Güzel öğrenip de hakiki havalarını kendi özüyle çalmak suretiyle tamam eşli olarak çalınır, çalınmaz demiyorum ben de çaldım.
Mesela o davulun "dum" var ya, eskiden bizim köy düğünlerinde ayakla tahta duvara vururlardı; o ses, tempo tutmak için.
Beş perdeli bağlamaya da eşlik yapabilir. Altıncı perdeye geçti mi ayrılır. Daha buna, eşlik olmaz, mümkün değil.
Şimdi bir tulum, bir piyano olmaz. Bir piyano, bir akardeon olmaz. Her enstrümanın kendine göre bir özelliği var. Şimdi bu da kendi özünden çıkmamak için, kendi özünü, kendi havalarını çalmak gerekir.
Benim tanıdığım ustalar onlar, kendileri yapıyorlardı akortunu da yapmasını da.

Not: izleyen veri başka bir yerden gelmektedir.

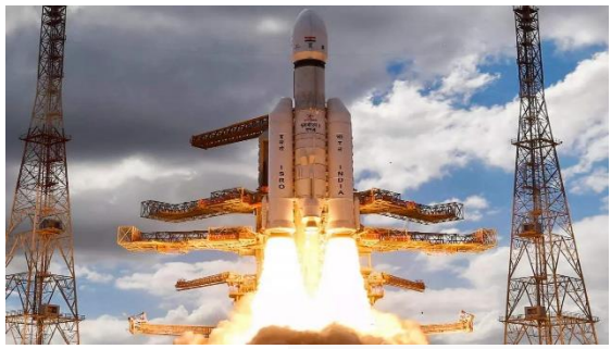
On 23 August, India successfully completed Chandrayaan-3's landing on the Moon. Its efforts were lauded across countries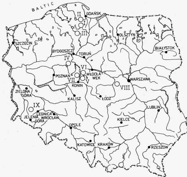
Fig. 1. General localization of the examined catchment areas

All the analyses were performed according to standard methods. Hydrological data were prepared by specialized units of the specific departments of the Institute. The data concerning the consumption of mineral fertilizers in communes, groups of villages or in cooperatives were obtained from the specialized regional institutions. The consumption of fertilizers within the watersheds was calculated proportionally to their areas, applying the factors determined by planimetry of maps. The amounts of nutrients contained in natural fertilizers discharged to the watershed were calculated by an indirect method, based on the data concerning the live stock population in the area investigated and on the commonly used conversion factors. Run-offs of nutrients transported by rivers from the watershed were determined from the relation between the magnitude of the carried instant loads and the accompanying flow magnitudes.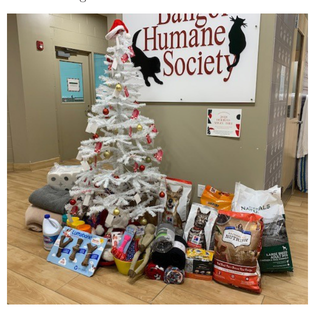
The Holiday Angel Tree features just a few of the many, many gifts of blankets, towels, food, toys, treats, pet beds, and cleaning supplies donated by the community.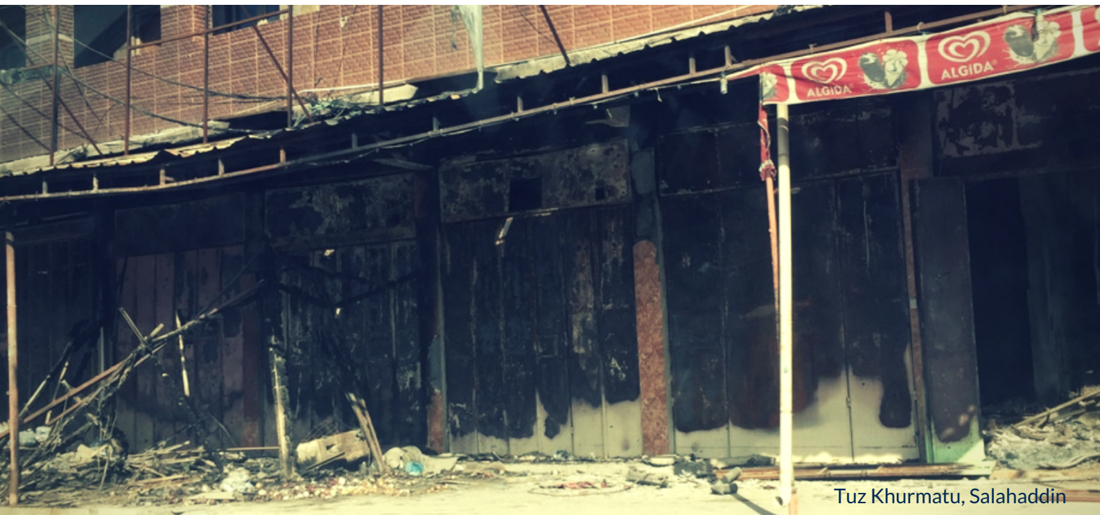
Tuz Khurmatu, Salahaddin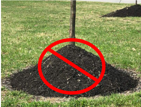
This volcano mulching madness has to stop. Just say no to volcano!

While organic mulches must be replenished over time, buildup can occur if reapplication outpaces decomposition or if new material is added simply to refresh color. Deep mulch can be effective in suppressing weeds and reducing maintenance, but it often causes additional problems.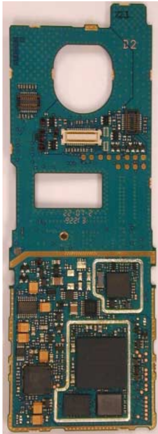
Vocon board without Shields (Top)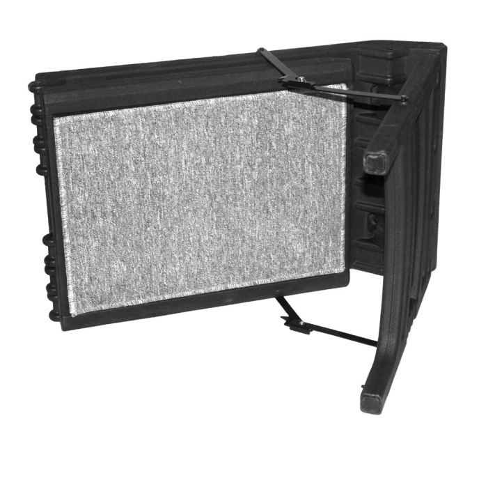
Step 2. Pull out the center support.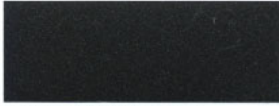
Graphite Clearcoat Metallic YG Mark VII, Town Car, Continental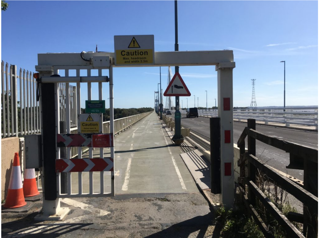
Old Severn Crossing automatic gate

I'm the bridge with listed status Whose cables were feeling pain So now my younger sibling Relieves me of some strain. I'm the bridge of two bridges The Severn and the Wye But most think we're one So invisible is our tie.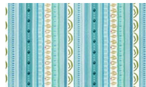
8538-78 Teeny Stripe Mint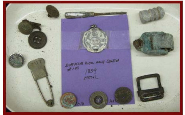
Single Odds/Ends - Bill Green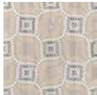
Cementine Evo 3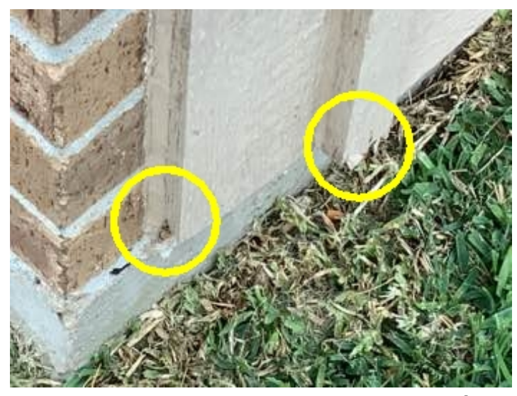
Damaged and deteriorating trim on the right front Damaged and deteriorating casing at the garage corner of this home.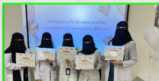
Department of Nursing Editors visit to Tabuk International School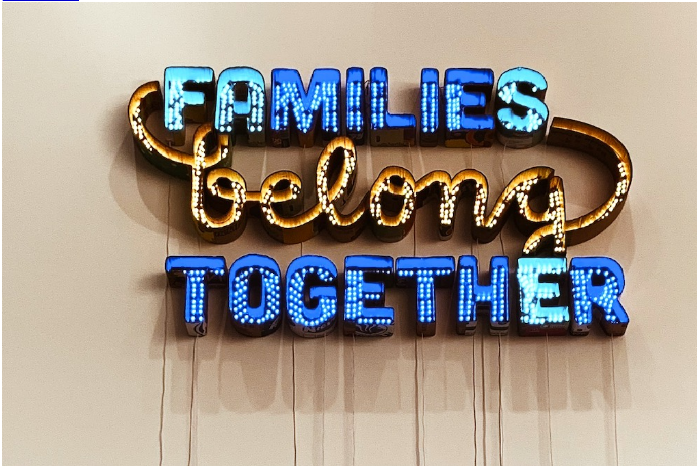
A light installation at the El Paso Museum of Art (Celine Reinoso)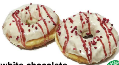
white chocolate & raspberry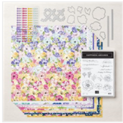
Hues Of Happiness Suite Collection (English) - 158828

Tami White tami@stampwithtami.com www.stampwithtami.com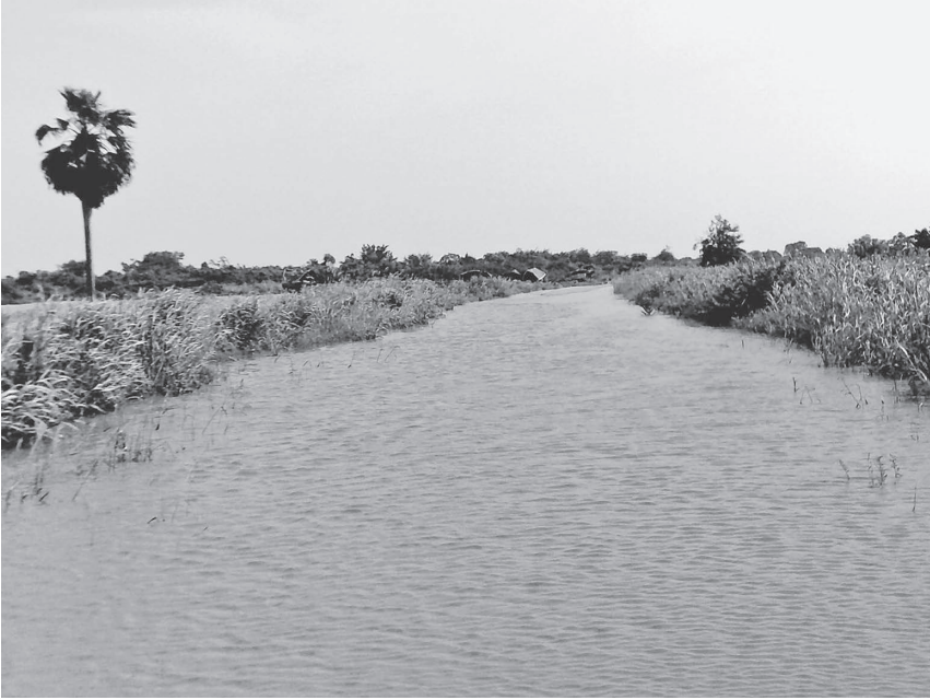
FIGURE 6.3. Gama during the long rainy season, showing inundated floodplains.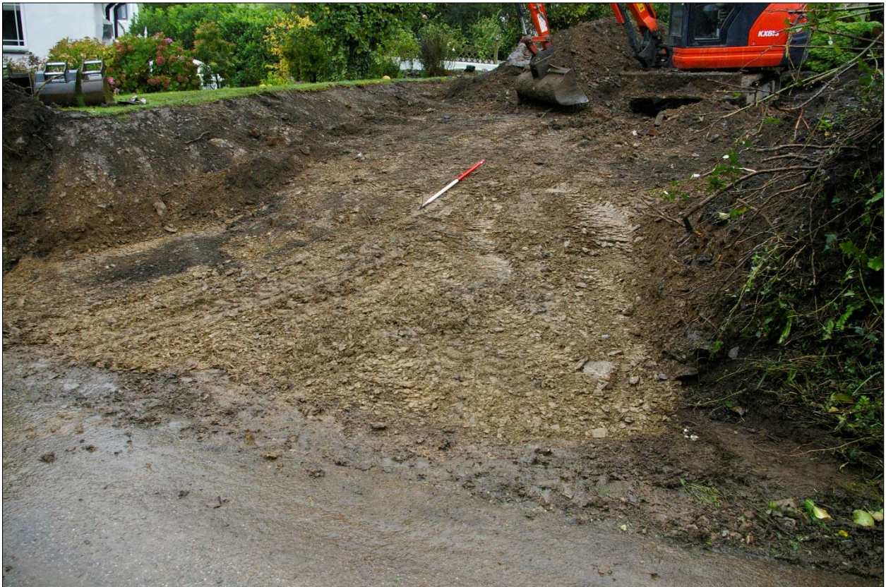
FIGURE 3: AREA STRIP FOR DRIVEWAY; FROM THE NORTH-EAST (1M SCALE).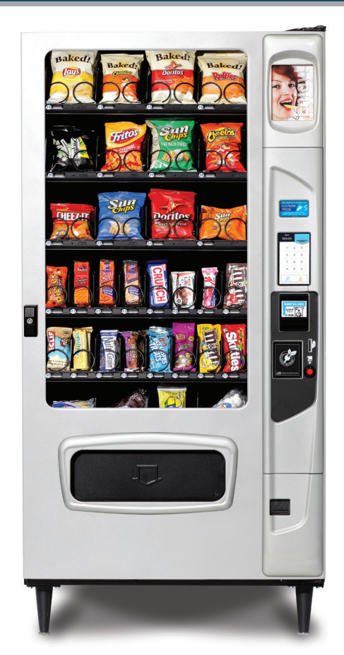
Shown with optional 7" touch screen. Available with black door.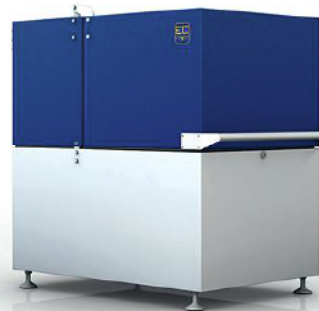
The micro-CHP (Combined Heat & Power) XRG1 25 cogeneration system.

standard with multi-zone heating control.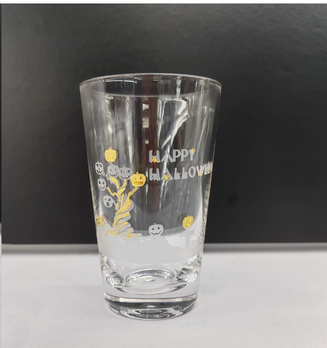
ITEM NO.: WX135-145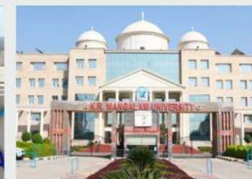
K.R. Mangalam University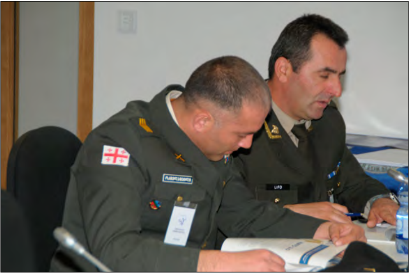
NCO PME RC Writing Teams' Workshop in Garmisch-Partenkirchen (contributors from Georgia and the Republic of Moldova).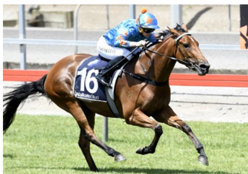
Anevay (NZ) (Ocean Park)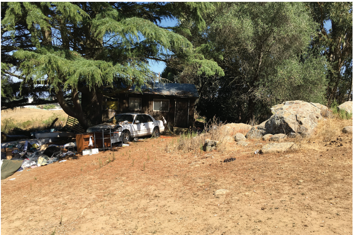
PHOTO 4: View of the existing home on the eastern portion of the property facing north.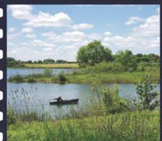
Killbuck Lakes Nature Preserve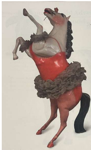
Horses on Parade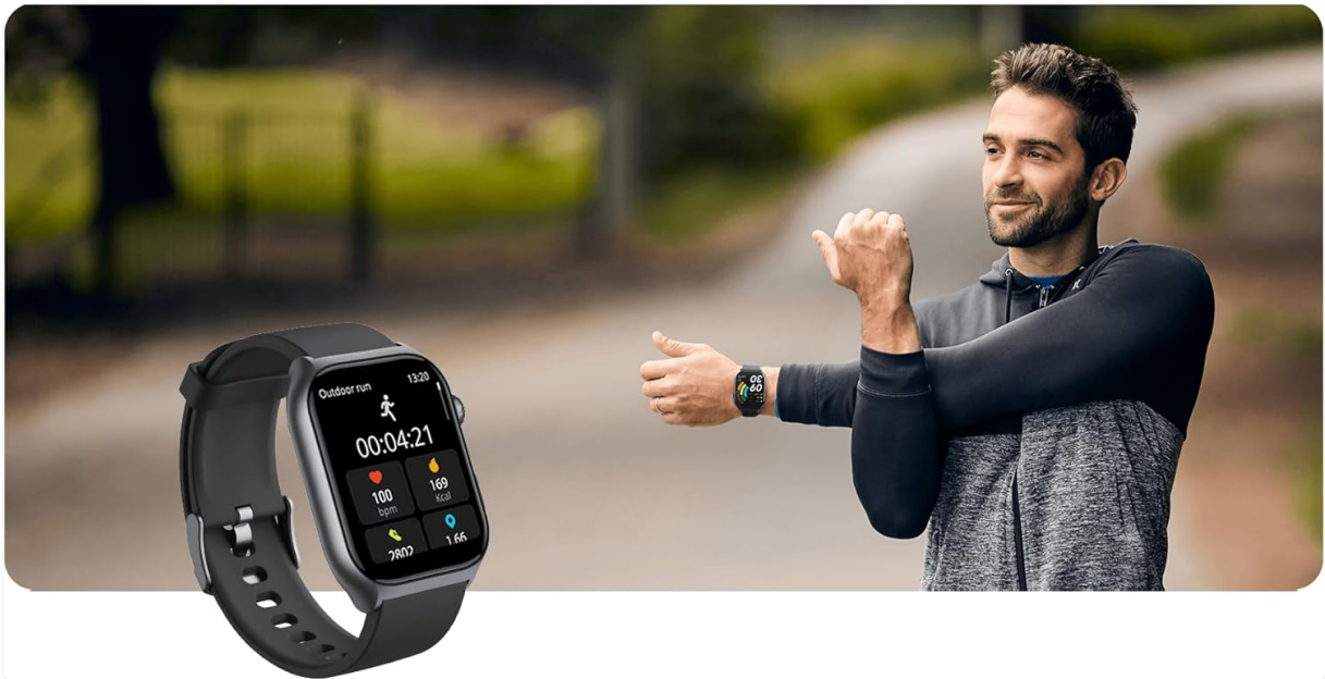
Image: A man stretching outdoors while wearing the GTS7-Pro Smartwatch, which displays workout metrics.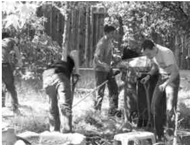
Students help widow with yard work on their Outreach Day, October 16th.

This year God orchestrated the reinstatement of this tradition quite perfectly. Because of His faithfulness, the organizational piece became a group effort. I asked the National Honors Society to be the outreach committee. Our school's newly implemented small groups played a big part in circumventing any confusion and difficulties in the planning process. The small groups are composed of around ten students and a teacher. Although the small groups were originally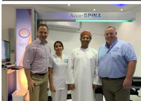
Muscat team with their Accu SPINA

Great to hear such success and well done to all the Harpenden team! harpendensportspinal.co.uk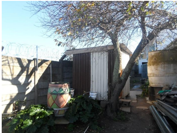
Figure 2: Site selected for the mast, Wendy house and tree to be removed

From the vegetation map from Cape Farm mapper (Appendix D), vegetation that would have been present on site include Elgin Shale Fynbos. According to the National Environmental Management: Biodiversity Act 10 of 2004 (NEMBA), National List of Ecosystems that are threatened and in need of protection, this type of vegetation is classified as critically endangered. However, from the site photographs ( Appendix C ) and the figures above it is clear that site has been completely transformed with some areas covered with grass and some bare soil areas. The tree to be removed is a Celtis sinensis and is an alien tree.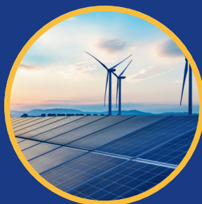
Wind & Solar Energy Plants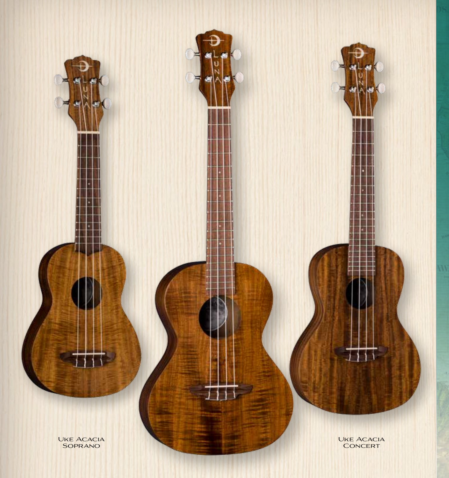
UKE ACACIA TENOR

Acacia wood is a proven favorite among uke enthusiasts for its warm sounding tone, sturdy construction and close similarities to the popular KOA wood. The Luna Acacia Wood Series is an eye-catching line of exotic ukuleles that sound as amazing as they look!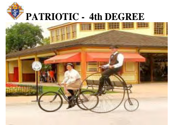
DEARBORN INN 4 Guests / 2 Nights / 2 Rooms * Includes Breakfast, Guest Passes to Henry Ford Museum, Greenfield Village Or The Rouge Plant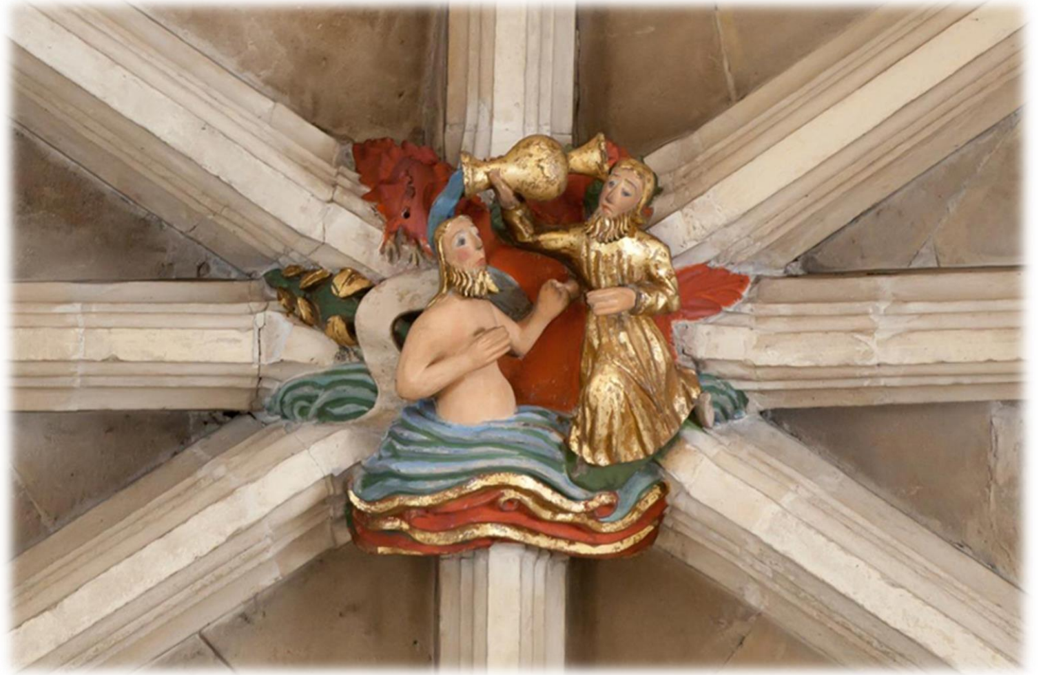
Baptism of Christ by John the Baptist, Record number: [55202]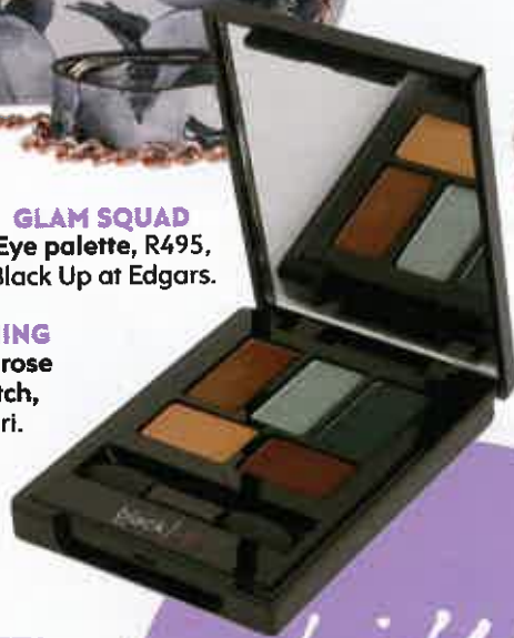
GLAM SQUAD Eye palette, R495, Black Up at Edgars.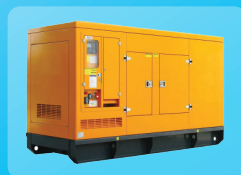
• Canopy Generator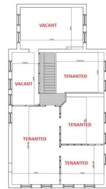
PLEASE NOTE PLAN IS NOT TO SCALE AND IS FOR IDENTIFICATION PURPOSES ONLY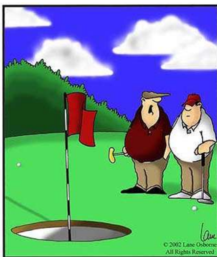
"I don't know what it is about it, but I love this course!"

Your patience would be appreciated but any critically constructive comments would be welcomed.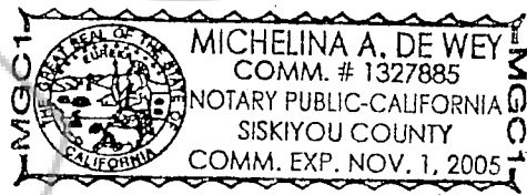
(This area for official notarial seal)

Sonra mesela, mavcılardan deri alırlardı; hasılını, tüyünü almasını falan hep kendileri yapıyorlardı.
Şimdiki tulumcular; işte Bülent veya Süleyman veya Şükrü Parlak yani, yapan bir kaç kişi vardır, bunlardan satın alıyorlar. Zannediyorlar ki; ben tulum aldım mı, usta olacağım aslında öyle değil.
Bu tulumla uğraş gerek. Bir de müzik kulağı olacak, alabileceksin duyduğun havayı.
Kadınlarda çalabilir, yani; illa erkek sanatı diye bir şey yok bunda. Rizeli olması şart değil. Bunu beğenen, hevesi olan yapabilir hiç bir şey değişmez.
Eskiden az idi tulumcu. Şimdiki gibi çoğunlukta yoktu. Fakat bunu, şimdiki sanatçılar çalmasını biliyor, ismini bilmez.
Ben şöyle liste yapıyorum; isimlerini yazıyorum ama havayı çalıyorum üzerine ismini yazıyorum ki o hava, ona ait olduğu belli olsun. Liste yaptın, anlatmadın, öte yandan çaldı fakat ama, hangisini çaldı o da var. Belli olması için böyle bir şart gerekiyordu
Elimizden gelen neyse işte, onları yaptık.